Racial Justice Sunday 2026
[At 11am today], the Cathedral will be hosting our Diocese’s main service for Racial Justice Sunday; and on March 1st, the Bishop of Lewes will be presiding at the launch of our new Diocesan Racial Justice Toolkit. Some time ago, I was asked to contribute to this toolkit: which is a set of theological and liturgical resources—and I wrote a little piece that considers the Church’s work of racial justice by taking the event at Pentecost in the Acts of the Apostles as a response to the trouble around the Tower of Babel in the Book of Genesis.
As you will recall, the Tower of Babel story is a story about human hubris. Earthlings decide to build their way to heaven—like Bellerophon riding the wingéd-horse Pegasus to Mount Olympus. And just as Zeus causes Bellerophon to fall, so God confounds the building project—and does so, specifically, by introducing linguistic diversity, thus disrupting their ability to communicate with one another, and so, cooperate with each other. Diversity, in this story, is a problem.

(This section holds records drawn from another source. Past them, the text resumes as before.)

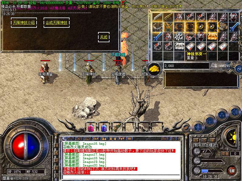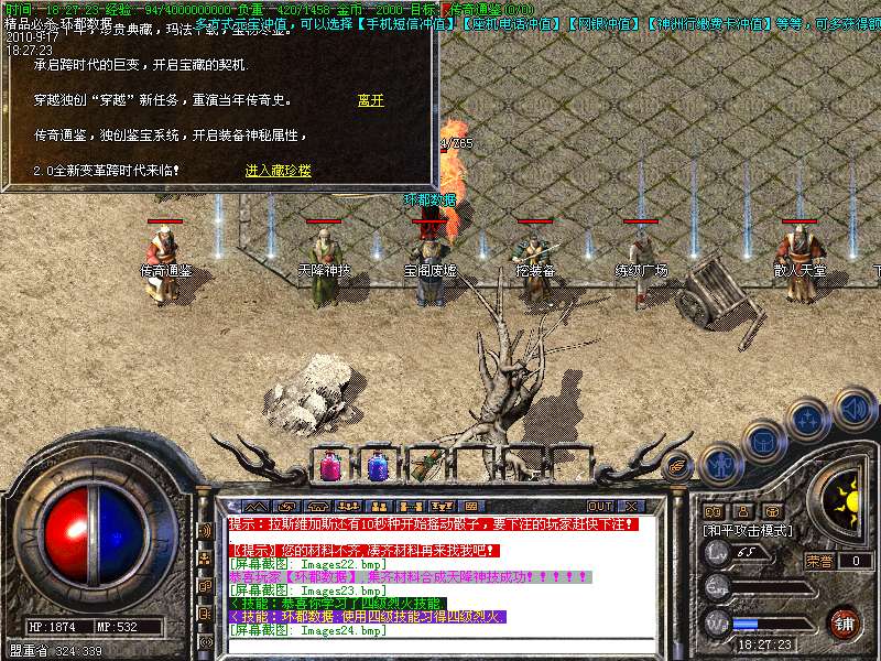 20. ①.天下第一:每职业等级第一名随时在比齐皇宫申请,可获得1.2倍攻魔道!②.行会争霸:每天下午18点,土城左上角点功城公告牌进入,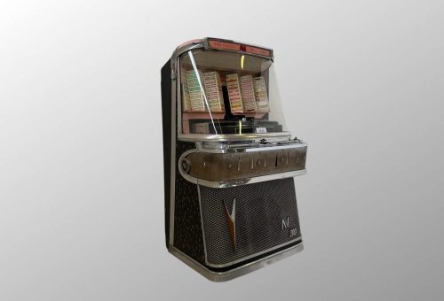 Questa versione italiana dell’AMI Continental conserva tutto l’impatto scenografico del design originale, affiancandolo a una selezione a ruota tipica del mercato europeo. Il risultato è un jukebox che unisce estetica americana e soluzioni meccaniche adattate al gusto e all’utilizzo italiano degli anni ’60.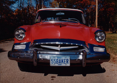 The 1950's were a decade of intense competition when customers expected new models every year. The model year change was so important that in 1956 Buick had the model year scripted on the trunk of some of its models. The cost of tooling to meet demand for this constant change was expensive. The "Big Three" automakers had such high sales volume that they could pay off their tooling costs within a year or so and begin making profits, but the smaller companies did not have that volume of sales so they tried to "facelift"models in most years to make them look new. That was bad news for the smaller independent car companies, but it is good news for Studebaker collectors today because many different models share so many parts in common. The cars in the photos below are all closely related to the first two cars shown, which are 1953 Commanders. Between 1953 and 1963, Studebaker changed the hoods, trunk, roof and dash board but the vast majority of parts on these cars are interchangeable. In addition to the 1953 Commanders, there is a 1957 Golden Hawk, a 1959 Silver Hawk and a 1962 GT Hawk.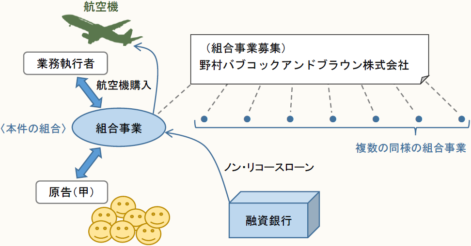原告(甲)は、他の出資者と共に組合契約を締結して民法上の組合を組成した上、金融機関から金員を借り入れて航空機リース事業を営んでいたが、予定前に航空機を売却して事業を終了することとなった。その際、①航空機の購入原資の一部となった借入金に係る債務の免除を受けたことによる利益(本件債務免除益)及び、②当該組合の業務執行者に対して支払うべき手数料に係る債務の免除を受けたことによる利益(本件手数料免除益)が発生し、これらの所得区分を巡って争いとなった。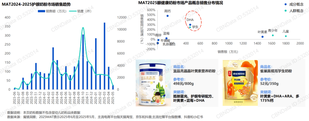 、学生概念增速较高,学生人群存在护眼+补脑的双重功效需求,部分产品也在护眼的基础上叠加补脑、增高补钙等功效卖点。护眼学生奶粉
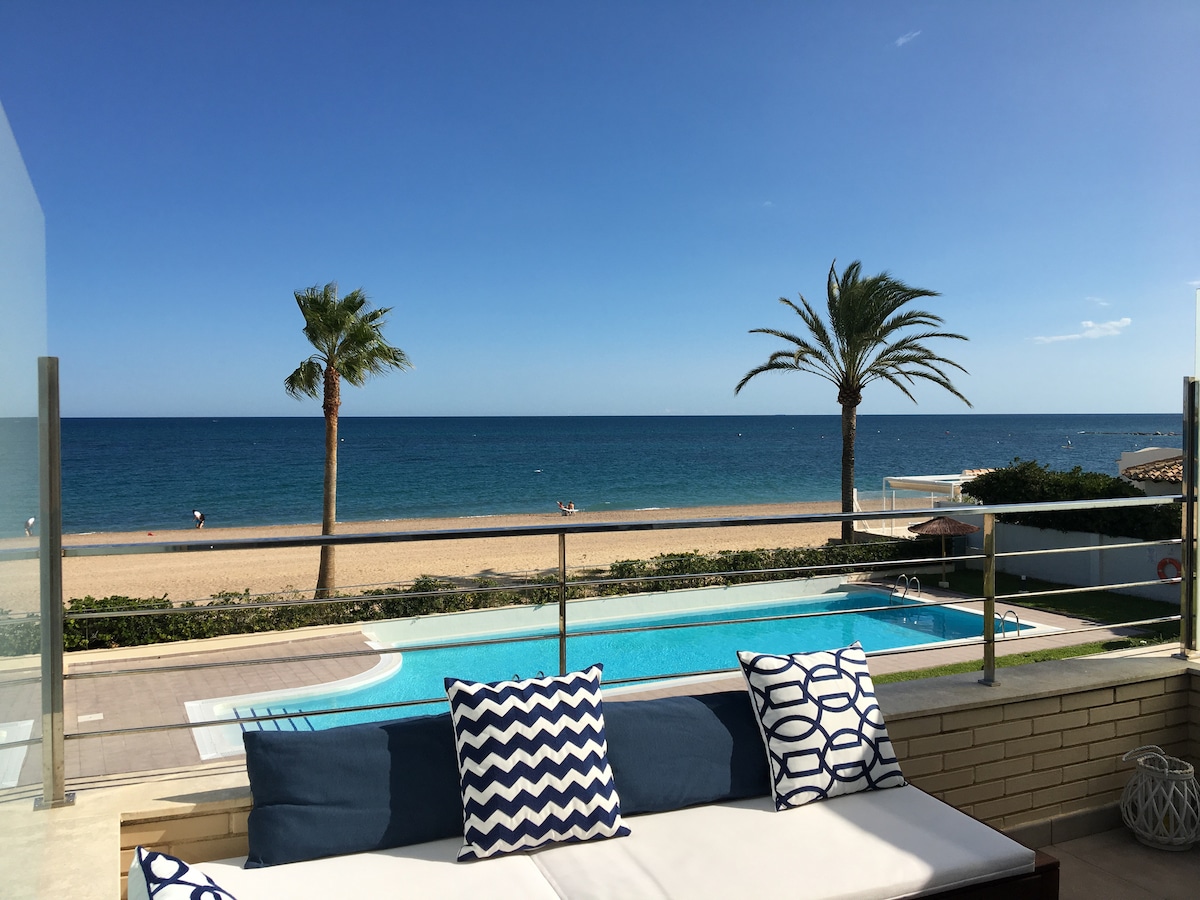 Despierta con el mar a tus pies! Dúplex de lujo en primera línea, literalmente sobre la arena, con vistas frontales al mar desde toda la vivienda y su amplia terraza. Ideal para 4 personas, cuenta con 2 dormitorios dobles, 2 baños, cocina totalmente equipada, tendedero con lavadora y aire acondicionado en toda la casa. Ubicado en urbanización de reciente construcción con acceso directo a la playa, gran piscina y pista de pádel. ✔Primera línea ✔Vistas al mar ✔Piscina ✔Acceso directo a la playa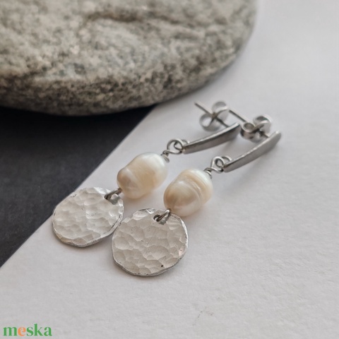 - Anyaga: nemesacél szerelék, alumínium korong, édesvízi tenyésztett gyöngy

Come, the Holy Spirit on Pentecost after the Ascension of the Lord: people are gathered from various nations, and suddenly they find themselves able to speak in one another’s tongues, but not only that but also to understand everyone else. Notably, diversity is not obliterated: the people do not suddenly speak a common language, a lingua franca—they do not all become miraculously fluent in Latin or Greek, being the languages of imperial hegemony, or even in Hebrew, being the language of the Scriptures, or in some prelapsarian language, whatever it was that Adam and Eve spoke at the dawn of creation. No: Babel is not reversed—but it is redeemed, and diversity becomes a gift and not a curse.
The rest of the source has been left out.